The song above " Let's Call the Whole Thing Off" could have become the anthem of the Red Flag Bunch but it erroneously waves the white flag of surrender as it ends in celebration of incompatible relationships which in most cases lead to failure, if not downright hatred. This song says, "Find someone with whom you have absolutely nothing in common and...get involved". Sage advice, Hollywood style. Who am I to argue? So, I told myself as so many others did, "I can get him to change the things I don't like and we will have many, many romantic, loving, erotic, Valentine celebrations".
Let's face it, a bathtub full of chocolate, a bedroom piled to the ceiling with roses and baby's breath or filling the sprinkler system with your favorite French perfume on February 14th isn't going to fix this mess, because on February 15th, I'm still going to like beaches and he's going to like bitches. I want to amble around the yard and he wants to gamble with the cards. There is only one way such relationships go. And how we feel when they crash. It is expressed perfectly in the following song:
The ragmop state follows the emotional pretzel phase. I twist myself into someone I do not know in order to turn another human into someone I think I want.
I resist breaking into pieces, but in the end find myself alone, drooping, forlorn, and dank with a dirty dishwater personality unfit company for even the garbage disposal. Blinded by my obsession to make another in my image of who he should be, I lose me.
This is not a one time occurrence. It becomes a life pattern. The other person leaves the relationship. Of course, they do. I have given all my control away. One of the great things about rotten relationships though, there is always another one right behind it. So, there is no need for despair.
As I began to dry out of my mopishness my fear of living on my own diminished. I hadn't known I had such a fear, but it becomes clear that I would rather have any relationship than no relationship. This time I had to go with the no relationship. This time is different. Maybe I had had enough. Valentine's Days came and went with no gifts or flowers, but the other three hundred and sixty four days of the year were being filled with a new job, new friends and interests. Hobbies long forgotten were pulled out of the attic of the past. I was pretty again. My hair and nails were done. I joined an exercise program. The ragmop was looking good. Then one Valentine's Day, there is a knock on the door and there he is, asking to come back. I think it. I consider what my life was, how it is now. That's where the next song comes in. "Without You" from the play "My Fair Lady".
The greatest benefit of being single was learning myself. Making me the focal point was a difficult lesson. It took lots of practice. Keep in mind, I had spent my life looking for flaws in someone else and developing ways to entice that person to change. Glaring at me brighter than the Florida sun was the fact that I had not the slightest notion of who I was, or should be.
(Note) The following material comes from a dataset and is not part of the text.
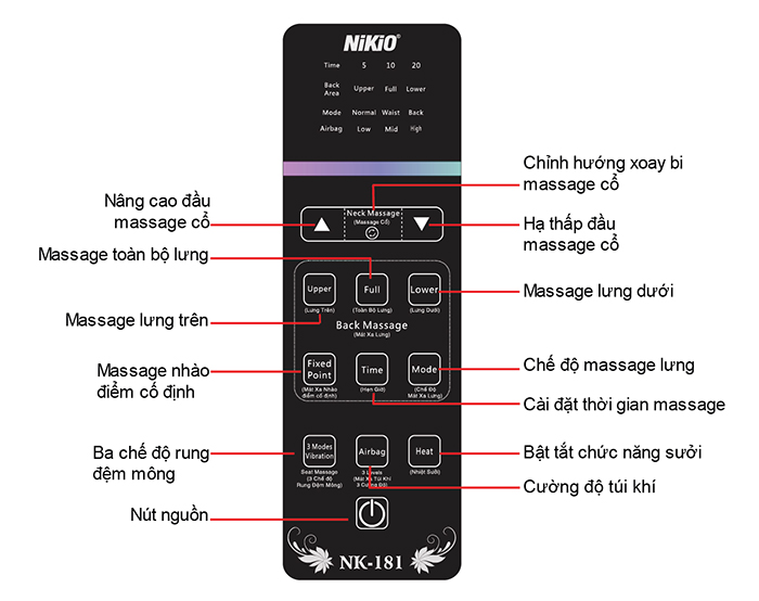 • Nút Air Bag: Tùy chỉnh cường độ áp suất không khí. Nhấn lần đầu tiên túi khí co bóp với cường độ thấp, lần nhấn thứ hai co bóp với cường độ trung bình, lần nhấn thứ ba túi khí co bóp với cường độ cao, lần nhấn thứ tư để dừng chức năng massage túi khí. (Cường độ co bóp túi khí được hiển thị ở màn hình phía trên).

I had been growing stronger by the day and my life was beginning to bloom like a spring garden. My former partner was the same person who had left. No change appeared in him, nor did he promise any. I sensed he saw my growth and success as a challenge to his domination of me.
This crossroad was destined to appear. That's life. Temptation will always try to take you down when you have progressed and steal your achievements, or least minimize them. It would be a lie to ignore that my deepest desire is for a great relationship. It would be a very different me trying to fit into that outgrown relationship. Red flags waved everywhere. If my old self was not compatible with this person, how could I even entertain the idea that a freer more confident person would put up with the predictable friction that would ensue. Well, he might send me a Valentine. But the other three hundred and sixty four days could be hell on earth.
Let's not do this.
Here's a great support song for making this decision.
To all potential members of the Red Flag Bunch, do not brush those flags aside. Pay attention when they poke out from under a snide remark, or judgemental attitude. Differences should be deal breakers if you think the person you're considering long term needs to change. Seriously, if you love dogs and he is an animal hater, he probably won't change his mind once he meets cute little Mitzi. I find I'm better off without the bouquet if I prefer a salad, but he wants to shoot a squirrel for dinner. I can live without the fancy cards if I have to sit through sports events I hate, or attend plays alone.
And yes, there is room for compromise. Compromise works both ways. The red flags fly when compromise is a one way street, or differences are so glaring or so many, or so opposing there is no overcoming them. But the main point is to develop ourselves. Get to know who we are and what we want. What kind of person we want in our lives and hope to find them. Valentine Gifts can be lovely, but if the cost is loss of self to obtain them. Let's Call the Whole Thing Off.